Olay tarihinde yürürlükte olan 6098 sayılı Türk Borçlar Kanunu’nun 56. maddesi (818 sayılı Borçlar Kanunu’nun 47. maddesi) hükmüne göre hâkimin özel halleri göz önünde tutarak manevi zarar adı ile hak sahibine verilmesine karar vereceği bir para tutarı adalete uygun olmalıdır. Hükmedilecek bu para, zarara uğrayanda manevi huzuru doğurmayı gerçekleştirecek tazminata benzer bir fonksiyonu olan özgün bir nitelik taşır. Bir ceza olmadığı gibi mal varlığı hukukuna ilişkin bir zararın karşılanmasını da amaç edinmemiştir.

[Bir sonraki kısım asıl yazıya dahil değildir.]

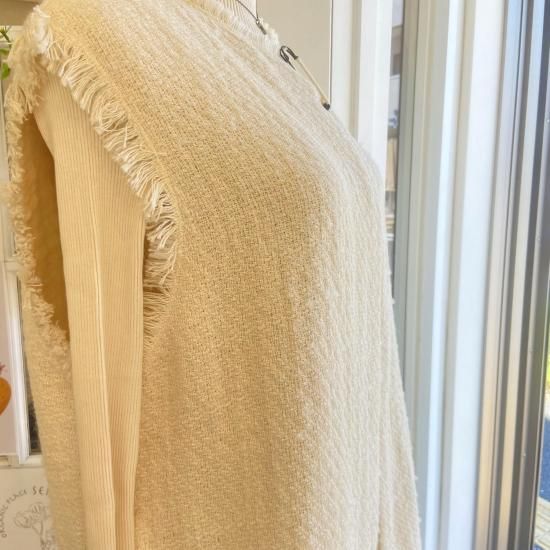 華やぐツイードのベストコットンとウールの様々な種類の糸を使用した、オリジナルのツイード生地のベスト。表情豊かな糸使いを活かしたフリンジデザインで、シンプルながら華やかなアイテムです。

O halde bu tazminatın sınırı onun amacına göre belirlenmelidir. Takdir edilecek miktar, mevcut halde elde edilmek istenilen tatmin duygusunun etkisine ulaşmak için gerekli olan kadar olmalıdır. 22/06/1966 tarihli ve 7/7 sayılı Yargıtay İçtihadı Birleştirme Kararının gerekçesinde takdir olunacak manevi tazminatın tutarını etkileyecek özel hal ve şartlar da açıkça gösterilmiştir. Bunlar her olaya göre değişebileceğinden hâkim bu konuda takdir hakkını kullanırken ona etkili olan nedenleri de karar yerinde objektif ölçülere göre isabetli bir biçimde göstermelidir.
Davaya konu olayda; davacı küçüğün yaralanma derecesi, davacı anne, babanın yaralanana yakınlığı, olayın vahameti ve yukarıdaki ilkeler göz önüne alındığında, davacılar lehine hükmedilen manevi tazminat miktarı azdır. Davacılar yararına daha üst düzeyde manevi tazminata hükmedilmesi gerekirken yazılı şekilde karar verilmiş olması doğru görülmemiş ve bozmayı gerektirmiştir.
SONUÇ: Yukarıda (1) nolu bentte açıklanan nedenlerle davalılar vekilinin tüm temyiz itirazlarının reddine, (2) nolu bentte açıklanan nedenlerle davacılar vekilinin temyiz itirazlarının kabulü ile hükmün BOZULMASINA ve aşağıda dökümü yazılı 1.024,00 TL kalan harcın temyiz eden davalılardan alınmasına, peşin alınan harcın istek halinde temyiz eden davacılara geri verilmesine 29/06/2022 gününde oybirliğiyle karar verildi.